A Proposta de Emenda Constitucional 241 estabelece uma regra de teto para os gastos primários do governo federal. A regra é simples: os gastos primários (saúde, educação, saneamento básico etc.) de cada ano somente poderão aumentar de acordo com a inflação passada (medida pela variação do IPCA acumulada em 12 meses até junho do ano anterior).

A regra valerá pelos próximos 20 anos e sugere que poderá realizar mudanças econômicas benéficas. Mas, trará, de fato, muitas dificuldades para a sociedade. Desmontará o Estado brasileiro em todas as áreas. Vejamos algumas das promessas, a partir de trechos extraídos do texto da PEC:

1) “Reverter, no horizonte de médio e longo prazo, o quadro de agudo desequilíbrio fiscal em que nos últimos anos foi colocado o Governo Federal”.
O déficit público orçamentário (ou nominal), desde 2004, sempre esteve em patamar aceitável. O que houve foi um aumento preocupante desse déficit no ano de 2014 (para 6,07% do PIB). Contudo, suas causas são conhecidas: o pagamento exorbitante de juros da dívida pública devido às elevadas taxas Selic (311 bilhões de reais), as exageradas desonerações tributárias das atividades empresariais (perda de mais de 100 bilhões) e a fraca arrecadação em decorrência do baixo crescimento (aumento do PIB de apenas 0,1%).

O quadro fiscal de desequilíbrio agudo ocorreu somente no ano de 2015 quando foram adotadas medidas severas de cortes de gastos públicos (que provocaram uma grave recessão de 3,8% do PIB, com queda da receita de 3% em termos reais). Em 2015, sob uma política de austeridade fiscal conjugada com gastos descontrolados de juros referentes à dívida pública (aumento dessas despesas foi de 62% em relação à 2014 enquanto a inflação do ano foi de 10,67%), o déficit orçamentário saltou, então, para um patamar inaceitável de 10,34% do PIB.

Nossas dificuldades fiscais advêm dos exagerados pagamentos de juros da dívida pública que decorrem das elevadas taxas Selic que são praticadas pelo Banco Central. E para conter esse desperdício de recursos públicos, a PEC nada propõe. Muito pelo contrário, esse é único gasto do governo que não está limitado pelas regras da PEC 241.

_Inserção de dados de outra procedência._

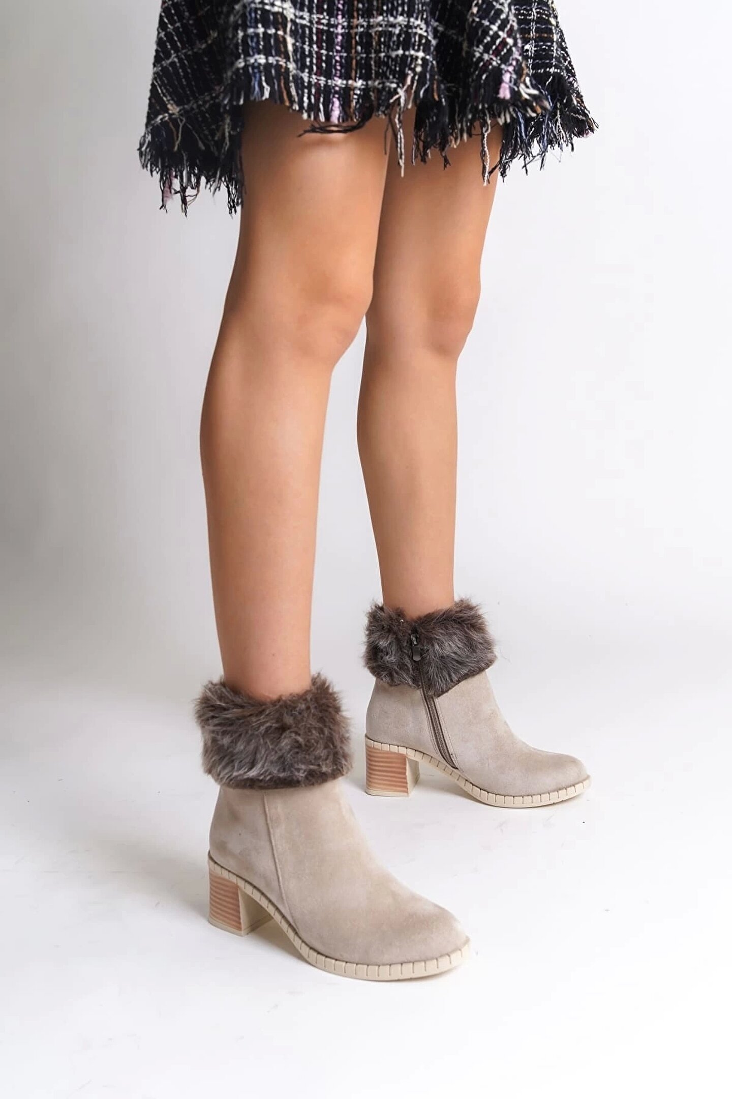 JULIA Fermuarlı Ortopedik Taban Tüylü Topuklu Süet Kadın Bot SKT - Krem
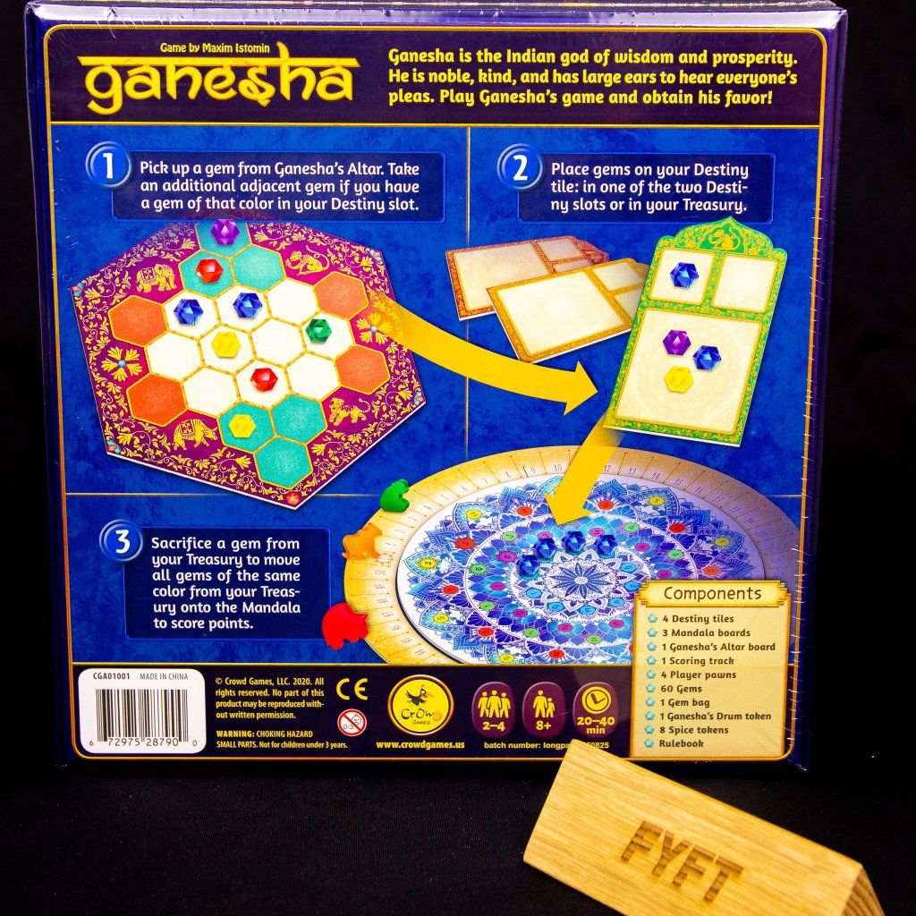 - Ganesha je příjemná rodinná hra s jednoduchými pravidly.

2) “Recolocar a economia em trajetória de crescimento, com geração de renda e empregos” ou “numa perspectiva social, a implementação dessa medida alavancará a capacidade da economia de gerar empregos e renda…”.
Não é explicado COMO a economia pode crescer a partir de um freio nos gastos públicos do governo federal. O crescimento de uma economia tem que ocorrer necessariamente pelo crescimento do consumo ou do investimento privado ou das exportações (menos às importações) ou dos gastos do governo (inclusive seus investimentos).

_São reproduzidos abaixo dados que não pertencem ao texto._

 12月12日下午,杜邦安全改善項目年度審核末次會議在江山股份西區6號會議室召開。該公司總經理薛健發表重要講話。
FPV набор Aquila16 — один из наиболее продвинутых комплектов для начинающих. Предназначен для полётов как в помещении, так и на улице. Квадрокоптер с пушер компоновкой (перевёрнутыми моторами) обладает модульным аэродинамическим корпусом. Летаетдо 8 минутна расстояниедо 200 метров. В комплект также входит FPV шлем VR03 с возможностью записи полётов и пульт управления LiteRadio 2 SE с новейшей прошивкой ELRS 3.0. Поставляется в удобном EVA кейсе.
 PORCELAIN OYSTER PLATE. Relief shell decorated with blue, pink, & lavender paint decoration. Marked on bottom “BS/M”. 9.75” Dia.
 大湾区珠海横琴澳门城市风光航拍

Qualquer desses canais pode influenciar os demais. As exportações estão se enfraquecendo porque o Banco Central está deixando o câmbio se valorizar. E a contenção de gastos públicos indicado na PEC terá efeito negativo sobre o consumo e o investimento privado. Portanto, não há nexo com a teoria econômica nem com a realidade entre a contenção de gastos públicos (proposta na PEC) e uma possível trajetória de crescimento da economia (prometida na PEC).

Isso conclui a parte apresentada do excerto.